You can also do ziti fabric inspect links, which will give you some information about what the state of each router's links.

$ ziti fabric inspect links
Results: (2)
tNlYWQ3upQ.links
destinations:
- healthy: true
  id: 5uUxuQ3u6Q
  linkStates:
  - connectedCount: 2
    dialAttempts: 1
    dialerBinding: lo
    dialerGroups:
    - default
    id: 15vxjhmtMCacbXjhpq5crS
    key: lo->tls:5uUxuQ3u6Q->lo
    nextDial: "0001-01-01T00:00:00Z"
    retryDelay: 0s
    status: established
    targetAddress: tls:127.0.0.1:4024
    targetBinding: lo
    targetGroups:
    - default
  version: v0.0.0
errors: null
links:
- dest: 5uUxuQ3u6Q
  destVersion: v0.0.0
  dialAddress: tls:127.0.0.1:4024
  dialed: true
  id: 15vxjhmtMCacbXjhpq5crS
  key: lo->tls:5uUxuQ3u6Q->lo
  protocol: tls
  split: true

5uUxuQ3u6Q.links
destinations:
- healthy: true
  id: tNlYWQ3upQ
  linkStates:
  - connectedCount: 2
    dialAttempts: 1
    dialerBinding: lo
    dialerGroups:
    - default
    id: O77bzCjD5ZwXBwYZZLsIY
    key: lo->tls:tNlYWQ3upQ->lo
    nextDial: "0001-01-01T00:00:00Z"
    retryDelay: 0s
    status: established
    targetAddress: tls:127.0.0.1:4023
    targetBinding: lo
    targetGroups:
    - default
  version: v0.0.0
errors: null
links:
- dest: tNlYWQ3upQ
  destVersion: v0.0.0
  dialAddress: tls:127.0.0.1:4024
  dialed: false
  id: 15vxjhmtMCacbXjhpq5crS
  key: lo->tls:tNlYWQ3upQ->lo
  protocol: tls
  split: true

Even if a link hasn't been made yet, if a router is attempting to form the link, it will show up in the inspect output.

Cheers,
Paul

Hi @plorenz ,

Thanks for the troubleshooting tips. The ziti fabric list routers made me realize my mistake: My public router was still running 0.27.5 from my tests with older versions. After upgrading it to 0.31.0, everything worked as expected. How embarrassing :see_no_evil: ...

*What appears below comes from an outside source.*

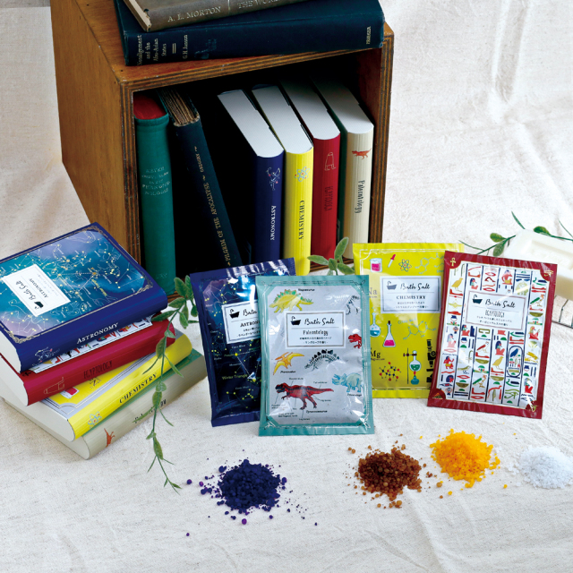 STUDY HOLICシリーズより、入浴剤が登場!それぞれの学問をイメージした香りと湯色をお楽しみいただけます。

Okay, this also means that the tests and logs collected in here How to track down throughput problems on the Ziti router - #18 by marvkis were done with the 0.27.5 router version.

Some quick updates:

  • I just re-ran the timing tests through the router: I often see 6-7 second reloads (so it seems 0.31 is faster than 0.27), but also some with 12 second hickups
  • On the 'internal' router I also see Recv-Q's being filled by traffic from the source, but on the public router everything seems to be fine. No Recv-Q data on the fabric link.

Should I get the logs from the 0.31 release, or do you think the 0.27 stacks should be enough to get an idea?

Thanks & Bye,
Chris

Hi @plorenz ,

Is there any news about this?
In the past, I've also seen the Recv-Q hang for minutes with no change in the numbers.

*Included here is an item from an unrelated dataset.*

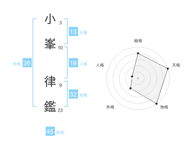 小峯 律鑑さんを姓名の画数から五運を鑑定

ESTAB  0       0       [::ffff:10.42.0.68]:3022  [::ffff:10.42.0.77]:46660 users:(("ziti",pid=2634457,fd=28))
ESTAB  0       0       [::ffff:10.42.0.68]:3022  [::ffff:10.42.0.77]:48024 users:(("ziti",pid=2634457,fd=10))
ESTAB  5841841 0       [::ffff:10.42.0.68]:3022  [::ffff:10.42.0.77]:54986 users:(("ziti",pid=2634457,fd=49))
ESTAB  0       0       [::ffff:10.42.0.68]:3022  [::ffff:10.42.0.77]:45588 users:(("ziti",pid=2634457,fd=12))
ESTAB  0       0       [::ffff:10.42.0.68]:3022  [::ffff:10.42.0.77]:48108 users:(("ziti",pid=2634457,fd=23))

And people started complaining that some services were not available. I think I've managed to get a stack dump of this situation using ziti fabric inspect stackdump. I'm now on 0.31.2, and it seems that ziti agent list is not showing up the routers... ?

Thanks & bye,
chris

Hi @marvkis ,

I've wrapped up the other things I was working on, so today I'm digging into this. I'm going to look into the captures you sent first, then work on setting up a lab environment to try and reproduce this. Your lab setup sounded pretty simple:

First test was:

  1. controller and public router on one node
  2. ziti-edge-tunnel and some host application same node as ctrl/router
  3. Client running MacOS tunneler

Followup testing was similar but with an edge-router/tunneler in place of the ziti-edge-tunnel?

Was the client running on the same network as everything else, or was it running elsewhere? If elsewhere, how far? us-east to us-west or closer or farther apart?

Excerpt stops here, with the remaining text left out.